## EXERCISE
Within the listing below, the lines to output run from the one containing "副系主任杨武利老师、冯嘉春老" through the one containing "3. Папа Римський"; copy them exactly and nothing else.

## THE DATA
= = =
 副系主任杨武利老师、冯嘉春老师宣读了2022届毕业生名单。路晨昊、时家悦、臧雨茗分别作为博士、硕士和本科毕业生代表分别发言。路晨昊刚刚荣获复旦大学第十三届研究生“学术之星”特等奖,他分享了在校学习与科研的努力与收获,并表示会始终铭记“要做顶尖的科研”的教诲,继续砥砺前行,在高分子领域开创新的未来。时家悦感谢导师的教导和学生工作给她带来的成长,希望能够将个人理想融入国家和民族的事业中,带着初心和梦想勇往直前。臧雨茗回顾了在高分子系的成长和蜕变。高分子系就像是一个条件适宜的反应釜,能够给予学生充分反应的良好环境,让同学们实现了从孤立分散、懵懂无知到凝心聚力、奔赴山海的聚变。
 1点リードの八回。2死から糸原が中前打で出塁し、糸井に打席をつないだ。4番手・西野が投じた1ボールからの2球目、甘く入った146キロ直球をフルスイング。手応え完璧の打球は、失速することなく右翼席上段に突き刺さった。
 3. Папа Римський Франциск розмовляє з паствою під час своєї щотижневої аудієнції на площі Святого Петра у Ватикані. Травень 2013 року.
= = =
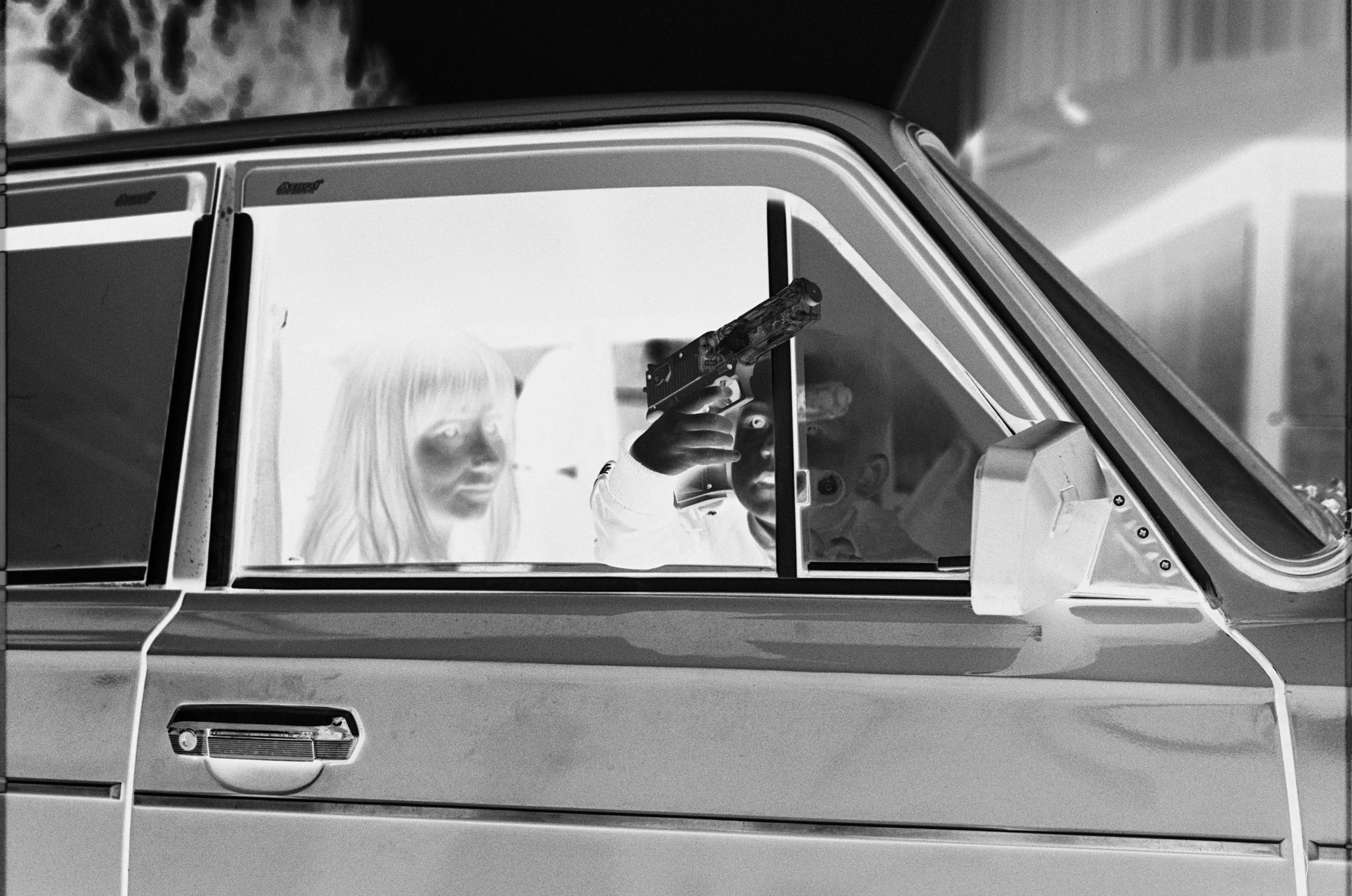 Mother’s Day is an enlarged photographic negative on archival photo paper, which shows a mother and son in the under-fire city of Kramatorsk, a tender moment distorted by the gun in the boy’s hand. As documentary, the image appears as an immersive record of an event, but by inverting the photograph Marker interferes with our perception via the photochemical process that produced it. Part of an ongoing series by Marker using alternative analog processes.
= = =
## ANSWER TO THE EXERCISE
 副系主任杨武利老师、冯嘉春老师宣读了2022届毕业生名单。路晨昊、时家悦、臧雨茗分别作为博士、硕士和本科毕业生代表分别发言。路晨昊刚刚荣获复旦大学第十三届研究生“学术之星”特等奖,他分享了在校学习与科研的努力与收获,并表示会始终铭记“要做顶尖的科研”的教诲,继续砥砺前行,在高分子领域开创新的未来。时家悦感谢导师的教导和学生工作给她带来的成长,希望能够将个人理想融入国家和民族的事业中,带着初心和梦想勇往直前。臧雨茗回顾了在高分子系的成长和蜕变。高分子系就像是一个条件适宜的反应釜,能够给予学生充分反应的良好环境,让同学们实现了从孤立分散、懵懂无知到凝心聚力、奔赴山海的聚变。
 1点リードの八回。2死から糸原が中前打で出塁し、糸井に打席をつないだ。4番手・西野が投じた1ボールからの2球目、甘く入った146キロ直球をフルスイング。手応え完璧の打球は、失速することなく右翼席上段に突き刺さった。
 3. Папа Римський Франциск розмовляє з паствою під час своєї щотижневої аудієнції на площі Святого Петра у Ватикані. Травень 2013 року.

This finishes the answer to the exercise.